What is needed - Everything in the data must be repeated exactly, apart from the pictures, which are left out.

Input data -
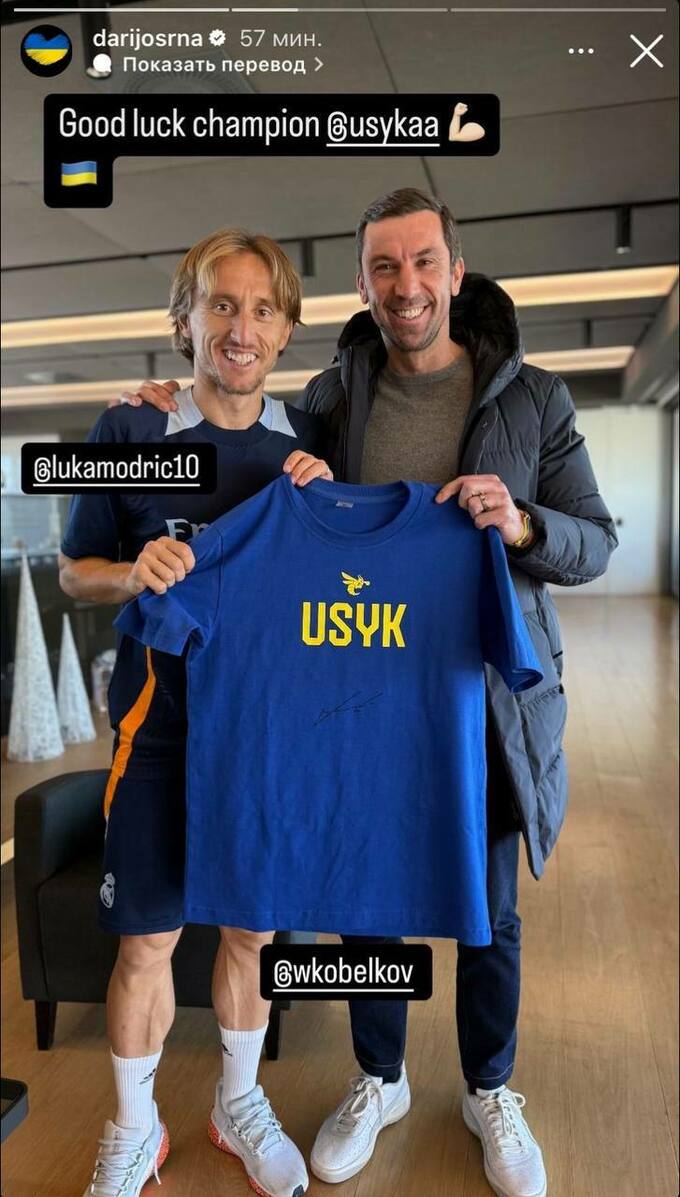 Спортивный директор донецкого «Шахтера» Дарио Срна вместе со звездным полузащитником мадридского «Реала» Лукой Модричем поддержали украинского боксера Александра Усика перед боем с Тайсоном Фьюри.
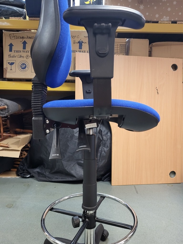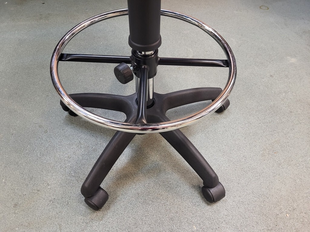 Professional draughtsman chair with adjustable footring, ideal for use with standing desks, laboratories, workshops, studios, and elevated workstations. Equipped with a brand-new chrome gas lift and adjustable footrest ring, this chair provides reliable ergonomic support and comfort for extended daily use.
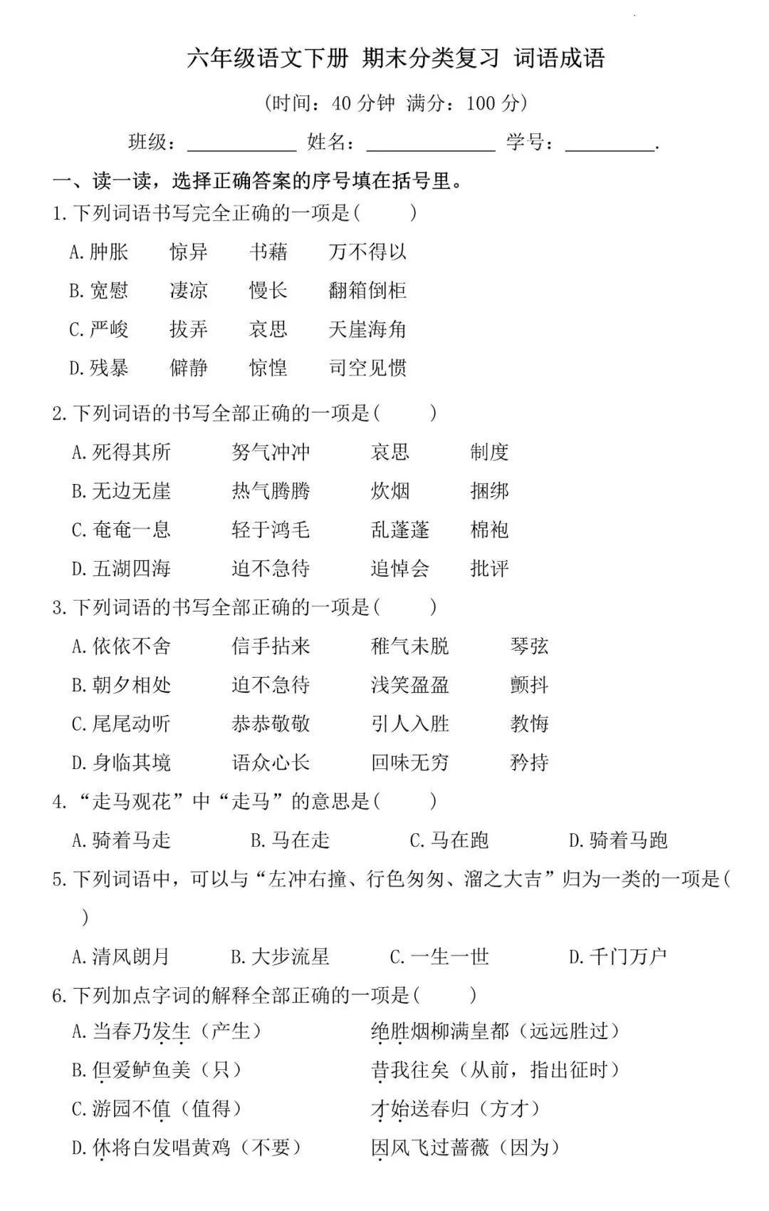 可打印电子版|【部编版】2026六年级语文下册 期末分类复习 词语成语 含答案 本文电子版永久链接:https://pan.quark.cn/s/cd7369c0217b 本文电子版永久链接:https://pan.quark.cn/s/cd7369c0217b

Answer area -
 Спортивный директор донецкого «Шахтера» Дарио Срна вместе со звездным полузащитником мадридского «Реала» Лукой Модричем поддержали украинского боксера Александра Усика перед боем с Тайсоном Фьюри.
 Professional draughtsman chair with adjustable footring, ideal for use with standing desks, laboratories, workshops, studios, and elevated workstations. Equipped with a brand-new chrome gas lift and adjustable footrest ring, this chair provides reliable ergonomic support and comfort for extended daily use.
 可打印电子版|【部编版】2026六年级语文下册 期末分类复习 词语成语 含答案 本文电子版永久链接:https://pan.quark.cn/s/cd7369c0217b 本文电子版永久链接:https://pan.quark.cn/s/cd7369c0217b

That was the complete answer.